▸ **Given data**
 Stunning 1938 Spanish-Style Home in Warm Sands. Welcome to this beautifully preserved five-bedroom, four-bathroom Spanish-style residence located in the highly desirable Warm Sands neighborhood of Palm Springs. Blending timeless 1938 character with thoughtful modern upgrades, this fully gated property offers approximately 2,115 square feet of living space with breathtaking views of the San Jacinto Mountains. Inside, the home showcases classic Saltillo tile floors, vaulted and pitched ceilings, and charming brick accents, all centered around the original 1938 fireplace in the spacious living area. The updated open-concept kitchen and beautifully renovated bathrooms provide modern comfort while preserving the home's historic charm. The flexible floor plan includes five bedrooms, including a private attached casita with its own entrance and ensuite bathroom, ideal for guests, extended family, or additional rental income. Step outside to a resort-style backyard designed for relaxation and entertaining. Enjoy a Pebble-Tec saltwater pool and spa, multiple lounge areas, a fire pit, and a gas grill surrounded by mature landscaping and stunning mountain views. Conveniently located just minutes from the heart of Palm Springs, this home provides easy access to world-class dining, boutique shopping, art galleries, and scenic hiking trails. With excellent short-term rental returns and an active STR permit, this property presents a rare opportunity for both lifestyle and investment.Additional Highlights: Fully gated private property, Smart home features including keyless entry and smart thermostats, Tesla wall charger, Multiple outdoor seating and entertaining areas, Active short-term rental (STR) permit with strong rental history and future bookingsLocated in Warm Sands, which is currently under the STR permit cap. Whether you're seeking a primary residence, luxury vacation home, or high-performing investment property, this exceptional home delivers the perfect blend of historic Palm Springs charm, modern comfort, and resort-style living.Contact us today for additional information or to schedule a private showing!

...

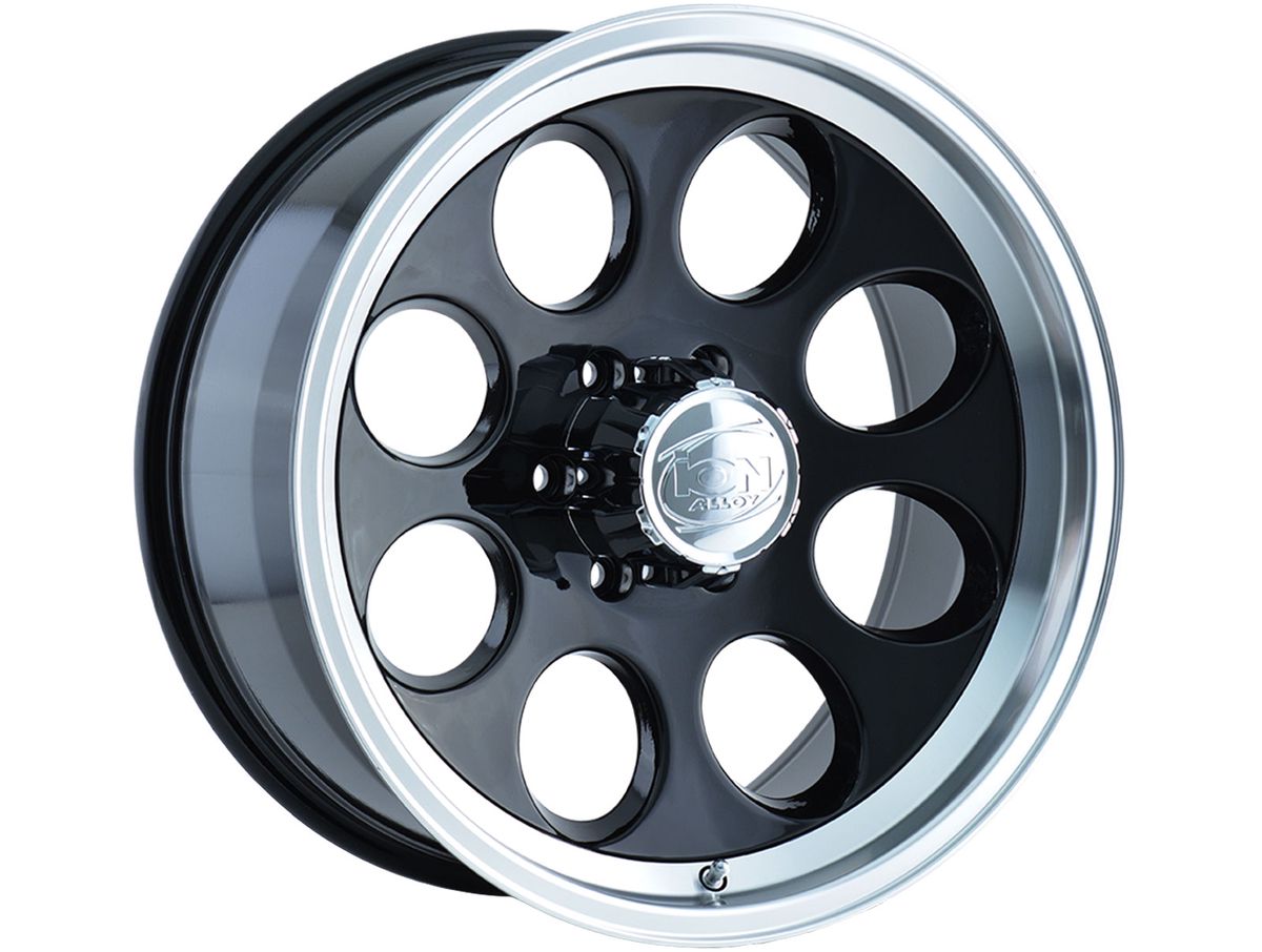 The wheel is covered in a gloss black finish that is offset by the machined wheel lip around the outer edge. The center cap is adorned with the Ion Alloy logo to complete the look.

==

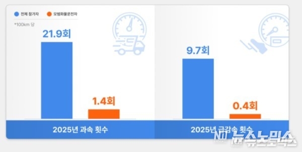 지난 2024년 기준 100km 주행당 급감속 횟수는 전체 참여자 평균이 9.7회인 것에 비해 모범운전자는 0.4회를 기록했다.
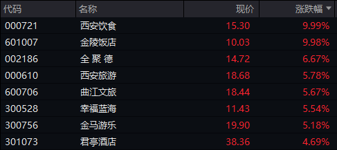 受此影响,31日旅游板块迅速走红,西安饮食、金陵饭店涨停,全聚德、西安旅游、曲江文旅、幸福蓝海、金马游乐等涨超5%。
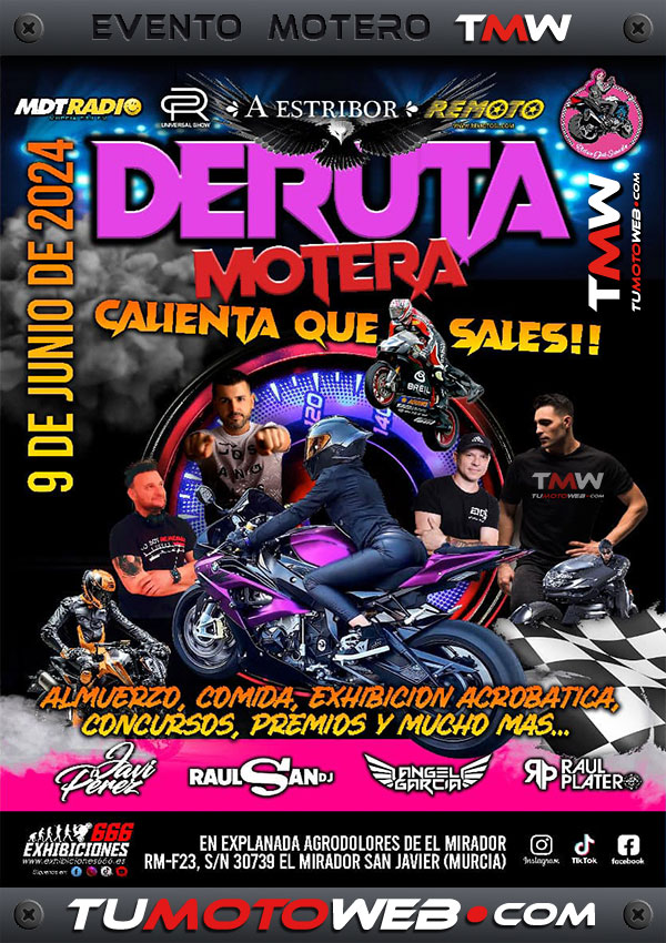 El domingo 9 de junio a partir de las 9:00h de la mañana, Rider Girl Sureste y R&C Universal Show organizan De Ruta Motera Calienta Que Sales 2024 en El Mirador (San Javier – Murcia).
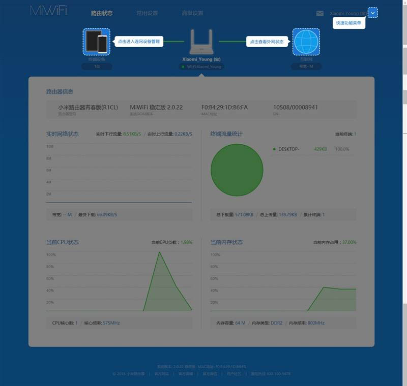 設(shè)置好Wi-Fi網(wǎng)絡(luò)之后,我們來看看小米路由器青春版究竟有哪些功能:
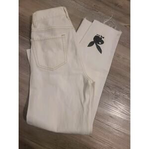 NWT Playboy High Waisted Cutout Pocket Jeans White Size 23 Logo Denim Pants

▸ **Assignment**
From the line with "受此影响,31日旅游板块迅速" up to and including the line with "設(shè)置好Wi-Fi網" above, retype every line exactly and nothing more; leave out the pictures.

▸ **Response to this exercise**
 受此影响,31日旅游板块迅速走红,西安饮食、金陵饭店涨停,全聚德、西安旅游、曲江文旅、幸福蓝海、金马游乐等涨超5%。
 El domingo 9 de junio a partir de las 9:00h de la mañana, Rider Girl Sureste y R&C Universal Show organizan De Ruta Motera Calienta Que Sales 2024 en El Mirador (San Javier – Murcia).
 設(shè)置好Wi-Fi網(wǎng)絡(luò)之后,我們來看看小米路由器青春版究竟有哪些功能:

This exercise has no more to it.